Exploring the Potential of Cyclic Peptidyl Antitumor Agents Derived from Natural Macrocyclic Peptide Phakellistatin 13

The exploration of novel anticancer compounds based on natural cyclopeptides has emerged as a pivotal paradigm in the contemporary advancement of macrocyclic pharmaceuticals. Phakellistatin 13 is a cycloheptapeptide derived from the brown snubby sponge and exhibits remarkable antitumor activity. In this study, we have designed and synthesized a series of chiral cyclopeptides incorporating the rigid isoindolinone moiety at various sites within the natural cycloheptapeptide Phakellistatin 13, with the aim of investigating conformationally constrained cyclopeptides as potential antitumor agents. Cyclopeptide 3, comprising alternating l-/d-amino acid residues, exhibited promising antihepatocellular carcinoma effects. Detailed biological experiments have revealed that Phakellistatin 13 analogs effectively inhibit the proliferation of tumor cells and induce apoptosis and autophagy, while also causing cell cycle arrest through the modulation of the p53 and mitogen-activated protein kinase (MAPK) signaling pathway. This study not only provides valuable insights into chemical structural modifications but also contributes to a deeper understanding of the biological mechanisms underlying the development of natural cyclopeptide-based drugs.
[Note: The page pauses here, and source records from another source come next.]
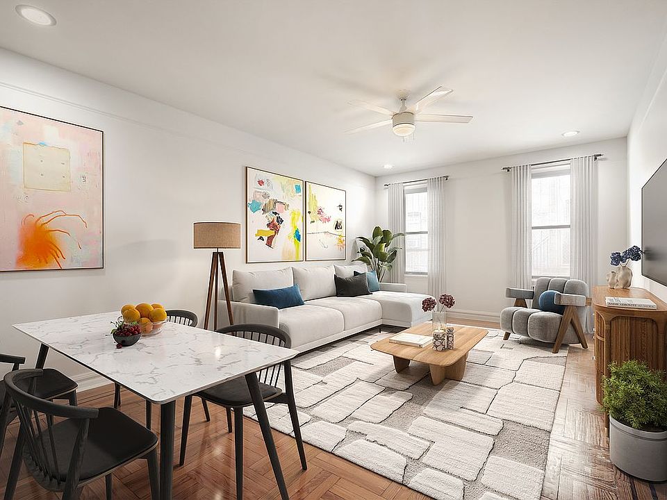 Private foyer entry, optimal closet storage and original arches come together in this streamlined layout that lends itself to work-from-home, but also to cooking, dining and the rebirth of home entertaining. Big windows let light stream into all rooms, while generous square footage spans separate kitchen and living areas. The unit boasts very low monthly maintenance. Just around the bend from Inwood Hill Park and only a block from Inwood's year-round Saturday farmers' market aside Isham Park, 60 Cooper enjoys serene surroundings within very close proximity to public transit. With its stunning Art Deco welcome, backyard garden patio, bike room and fitness room, it is arguably the best beloved building in all of Inwood.
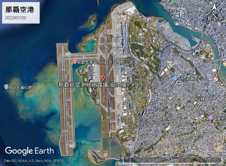幸いにもGoogleマップでは「那覇航空測候所露場(安次嶺アメダス)」がヒットします。第1滑走路の中ほどに露場は設置されているようです。空港内のストビューはありませんので、これを信じるしかありません。
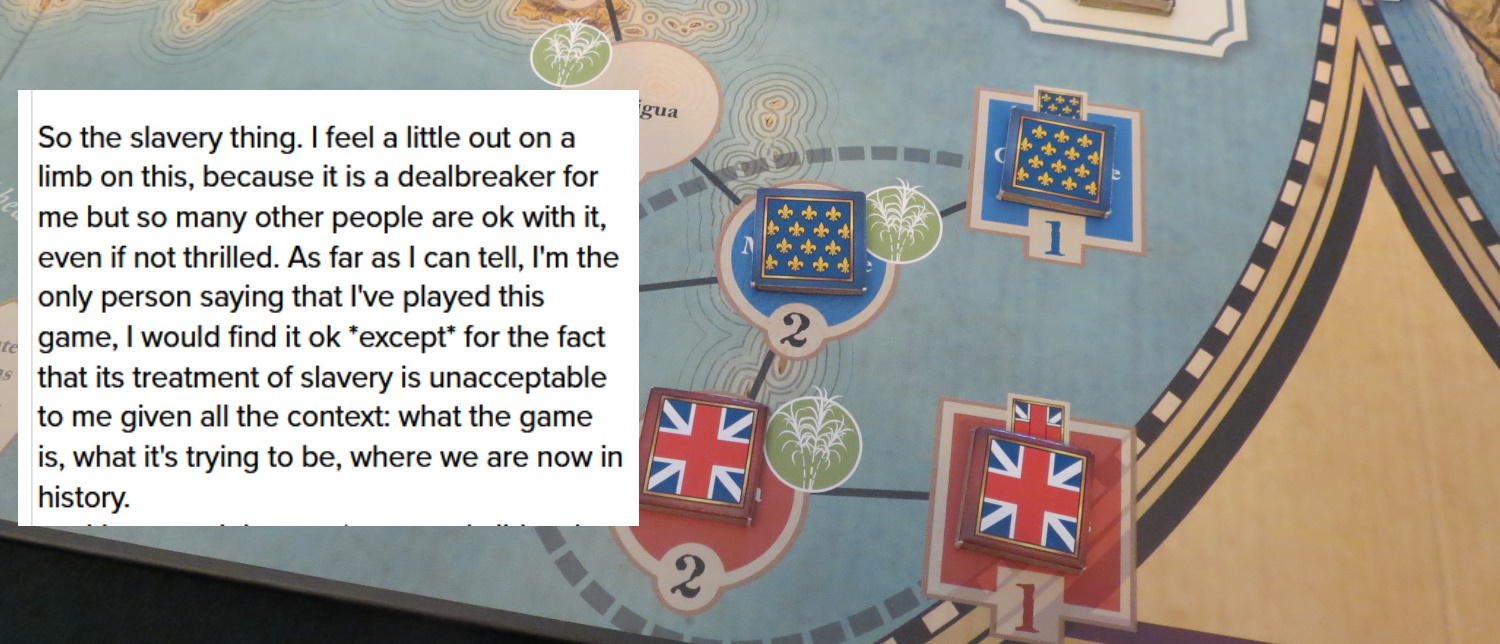 Because playing “gotcha!” is fun, every so often someone asks whether I would play a particular hypothetical game, usually by proposing an abhorrent setting. Would I play a train game that featured indigenous removal? Yes. A WWII game that considered the Holocaust? Sure. A set collection game about nude eighteen-year-olds? No.
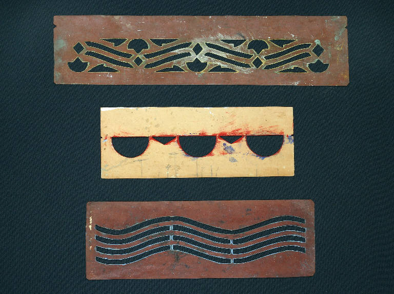 I cartoni per trasposizione, realizzati in cartoncino disegnato e ritagliato secondo un motivo decorativo, venivano utilizzati per creare decorazioni all'interno delle scenografie, consentendo di riprodurre in serie il motivo ornamentale. La prima mascherina presenta una complessa greca di ornato con vari elementi geometrici intrecciati, la seconda presenta dei semicerchi alternati a piccoli triangoli, la terza ha segmenti posti paralleli l'uno all'altro a formare, nel complesso, un'onda.
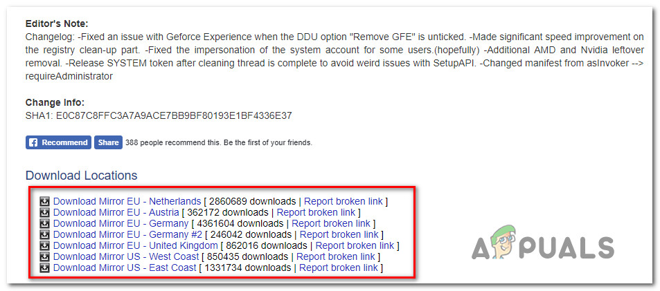 ملاحظة: ما لم تكن مستعدًا للانتظار لبعض الوقت قبل اكتمال التنزيل، اختر خادمًا (mirror) أقرب إلى موقعك الفعلي. - بعد اكتمال التنزيل، استخدم أداة استخراج مثل 7Zip أو WinZip لاستخراج محتويات أرشيف DDU.
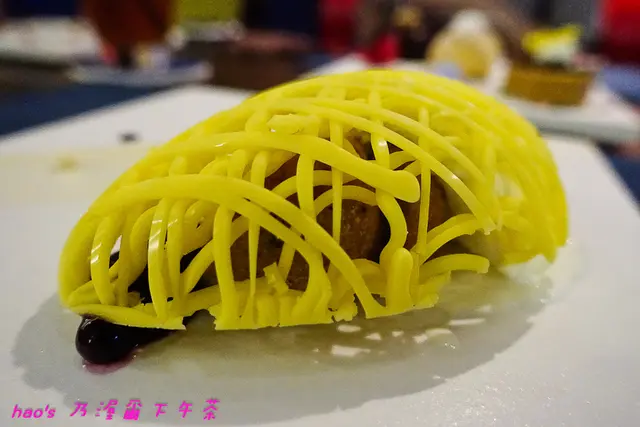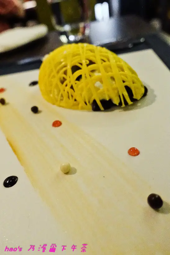 纖細的絲條狀芒果巧克力,層層交織而成亮黃色的飽滿半蛋型,上桌時飄散著淡淡芒果香氣。

基于天然环状肽的新抗癌化合物的探索已成为宏观环状药物当代进步中的关键范式。Phakellistatin 13 是一种从棕色短柄海绵中提取的环庚肽，表现出显著的抗肿瘤活性。在本研究中，我们设计并合成了一系列手性环状肽，这些肽在天然环庚肽 Phakellistatin 13 的不同位置引入了刚性的异喹啉酮基团，旨在研究构象受限的环状肽作为潜在的抗癌药物。含有交替的 l-/d-氨基酸残基的环状肽 3 显示出有前景的抗肝细胞癌效果。详细的生物实验揭示了 Phakellistatin 13 类似物能够有效抑制肿瘤细胞的增殖，并诱导细胞凋亡和自噬，同时通过调节 p53 和细胞因子激活的蛋白激酶（MAPK）信号通路导致细胞周期阻滞。本研究不仅为化学结构修饰提供了宝贵的见解，而且有助于更深入地理解基于天然环状肽药物发展的生物学机制。